What is being asked: Print the lines below word for word, beginning with the first and ending with the line that holds "VLSM Subnetting Problems", and skip every picture.

Dataset extract:
————————
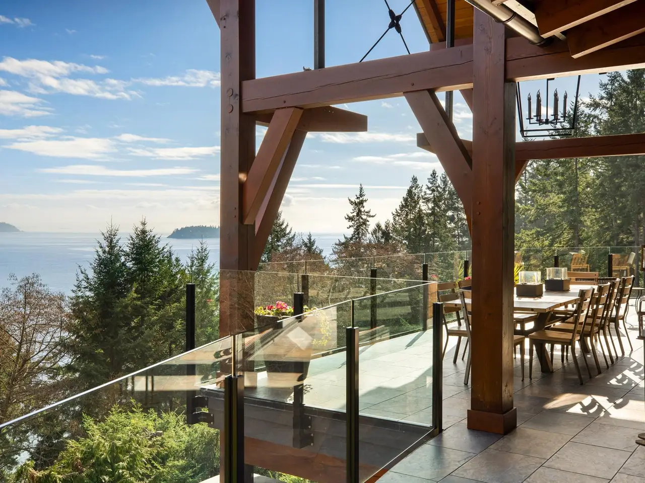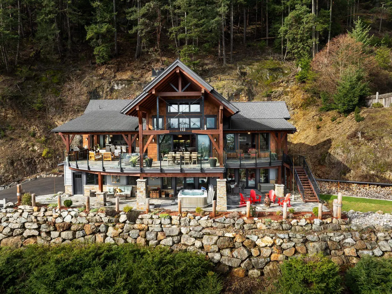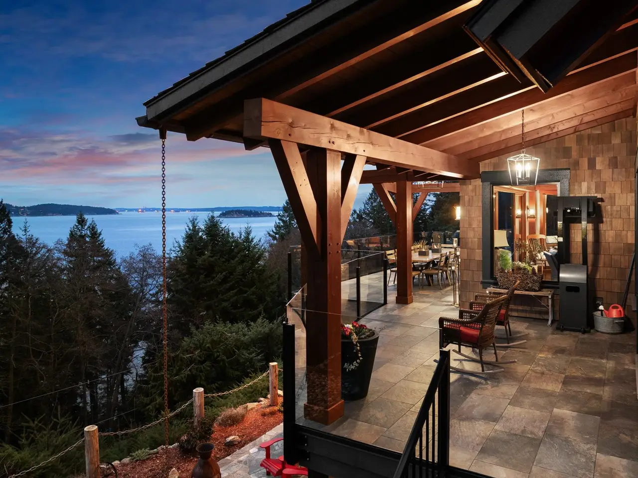This stunning ocean view property featuring a masterpiece of engineering, custom built, Canadian Timberframe Ltd home is ready to welcome a new family. The expansive timber peaks & over 1100 sq.ft. covered entertainment deck sets it apart. The open plan main floor boasts timberframe ceilings soaring over 24'. Custom Loewen Douglas Fir interior/metal exterior windows & doors, engineered Hickory flooring & exclusive lighting compliment the space. Chefs will covet the gourmet kitchen with state of the art appliances & expansive Quartz countertops. Main level primary bedroom, ensuite & walk in closet showcase the cathedral timberframe ceilings. A special retreat w/floor to ceiling fireplaces & private decks overlooking ocean, mountain and coastal views. Vancouver within easy reach.
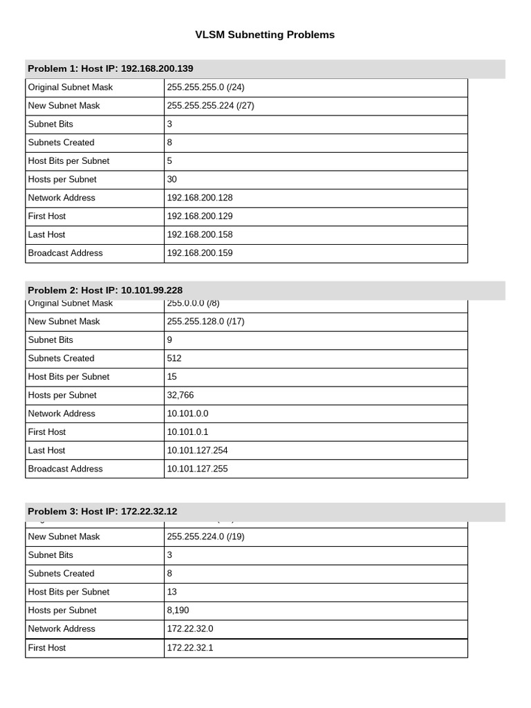 VLSM Subnetting Problems | PDF | Ip Address | Network Protocols
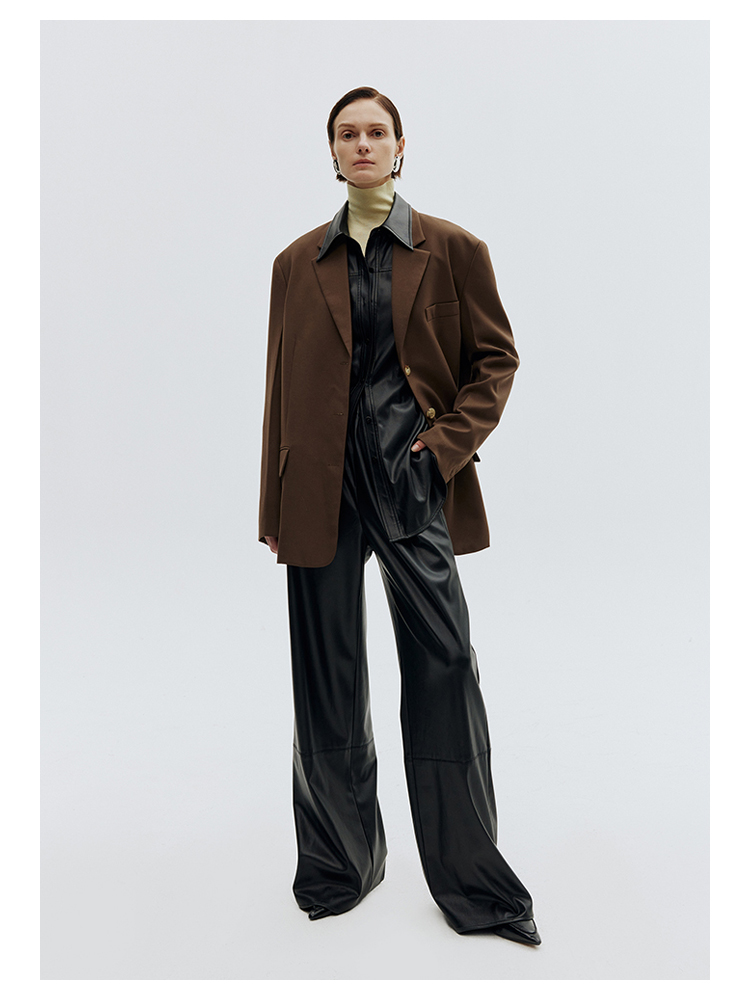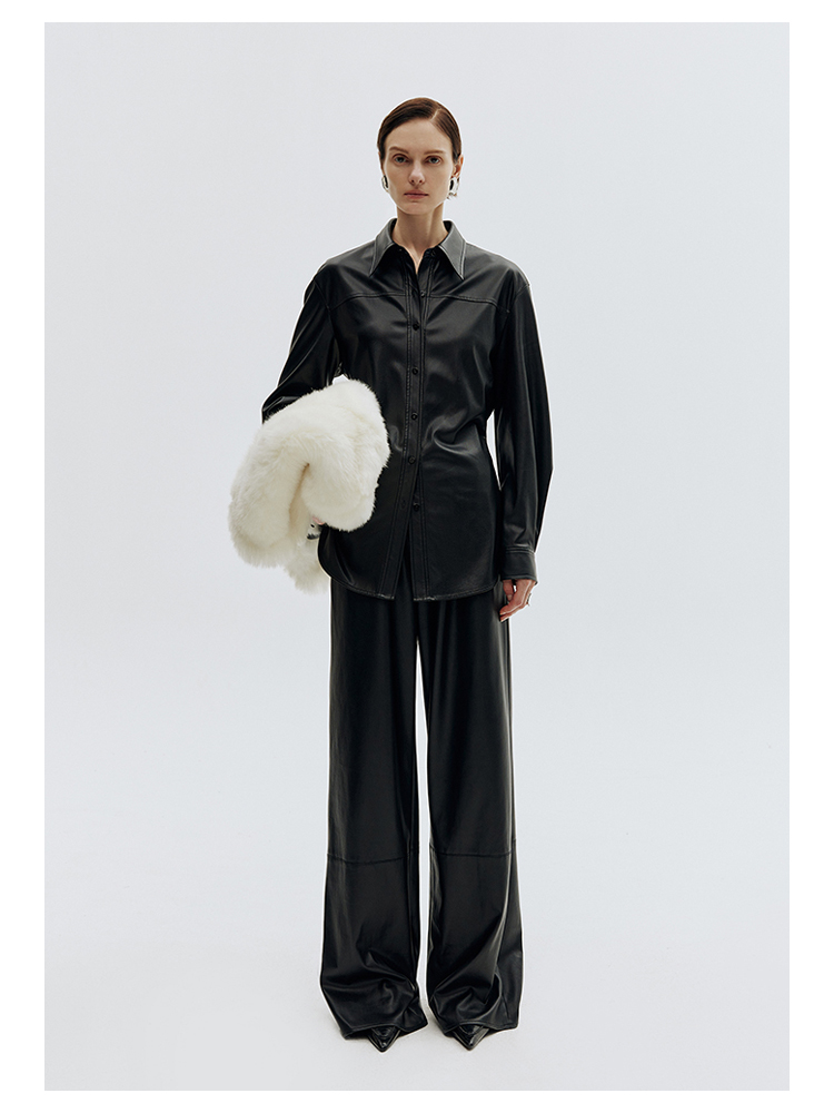ASAYA2756 air pants version imported technology Q stretch soft protein leather wide leg pants
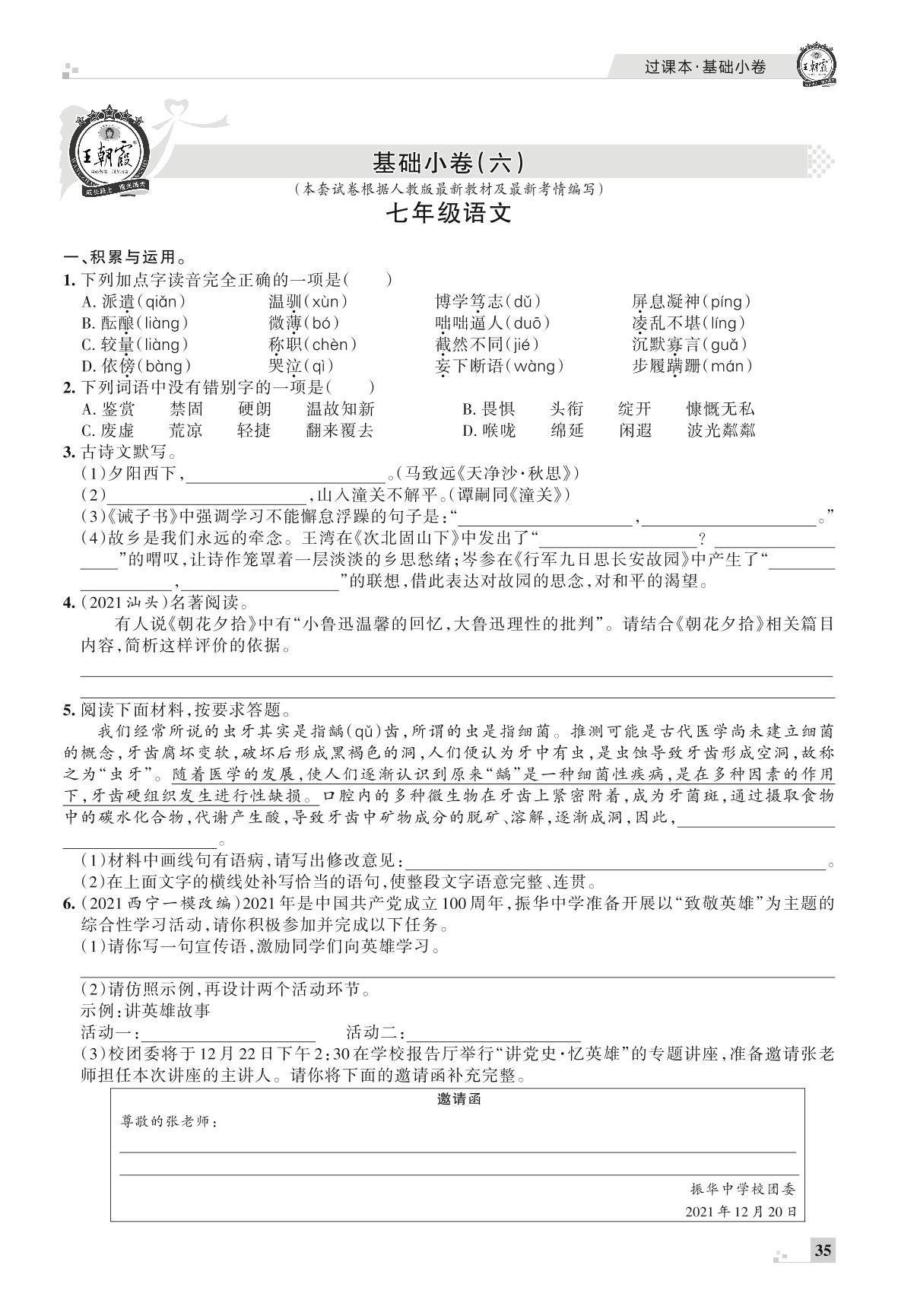 王朝霞期末过课本——基础小卷(六)七年级上册语文(人教版)_R211224101739419【12】
————————
Response:
This stunning ocean view property featuring a masterpiece of engineering, custom built, Canadian Timberframe Ltd home is ready to welcome a new family. The expansive timber peaks & over 1100 sq.ft. covered entertainment deck sets it apart. The open plan main floor boasts timberframe ceilings soaring over 24'. Custom Loewen Douglas Fir interior/metal exterior windows & doors, engineered Hickory flooring & exclusive lighting compliment the space. Chefs will covet the gourmet kitchen with state of the art appliances & expansive Quartz countertops. Main level primary bedroom, ensuite & walk in closet showcase the cathedral timberframe ceilings. A special retreat w/floor to ceiling fireplaces & private decks overlooking ocean, mountain and coastal views. Vancouver within easy reach.
 VLSM Subnetting Problems | PDF | Ip Address | Network Protocols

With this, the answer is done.